EDIT: Just to be clear, I don’t think I actually need to be using the task groups here…I was just using them as a convenient way of grouping things together. I don’t use any of the wait for some tasks, cancel all tasks, etc. functionality.


#4

It looks like the solution you ended up with could be simplified even more to

async def main():
    order_ids = range(4)

    async def read_then_fetch(order_id):
        _, units = await read_purchase_order(order_id)
        await fetch_item_for_order(order_id)

    for i in order_ids:
        await curio.spawn(read_then_fetch, i)
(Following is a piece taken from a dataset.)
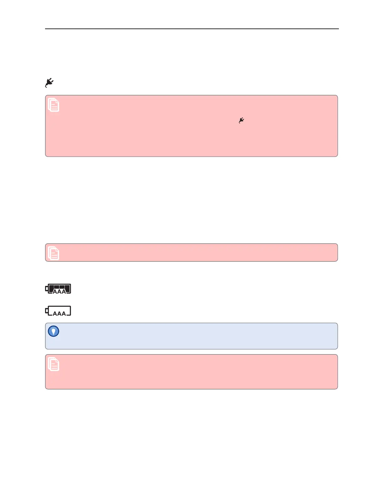 supply (5W). When supplied externally, the power symbol shows on the display:

The general principle here would be that it’s generally better to structure control flow as python code when you can, and async/await makes this possible in many more cases than traditional async libraries.


#5

You raise a good point there. I was reflexively using Tasks because that’s what Curio is all about right? But I don’t actually know what benefit I would derive from using Tasks over just a standard async function. Is there such a benefit?


#6

The main purpose of using Tasks is if you want to do multiple things at the same time. So if you want to look up multiple purchase orders at the same time, you can put those into separate tasks. But if for each purchase order you want to first read, then fetch, in sequence, then that can be a simple function; those two stages don’t need to be put into separate tasks.
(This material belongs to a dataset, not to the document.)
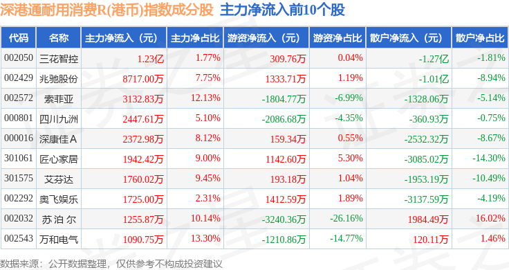 资金流向方面,深港通耐用消费R(港币)(483050)指数成份股当日主力资金净流出合计5.1亿元,游资资金净流入合计990.54万元,散户资金净流入合计5.0亿元。成份股资金流向详情见下表:

I guess in curio there’s also a secondary reason why you might want to use a Task: if you want to manually cancel something, then you can only do that to a task. (In trio cancellation and tasks are decoupled, so that Tasks are only about doing multiple things at the same time.)


#7

I don’t follow this whole distinction you’re making here. Tasks in Curio are used to do multiple things at the same time. There is no other purpose than that so far as I know.


#8

It’s just a minor point. But if I have some function I want to call, and I want it to be possible for some other code to cancel it when some arbitrary condition occurs (i.e. not a timeout), then sticking it into a Task is the only way to do it, right? Obviously this is not main reason people use tasks, but I was trying to think of situations where it might make sense to spawn a Task and then immediately join it.


#9

I’m not exactly sure what a cancellation would be applying to other than some code running in a Task (given that all code in Curio runs within a Task). That said, I don’t think it’s necessary to encapsulate code in an additional Task just to apply a different kind of cancellation to it. The cancel() method of Tasks allows custom exceptions to be passed in and could be used at a fairly low-level by code that wanted to do non-timeout related things. Maybe I’m missing something.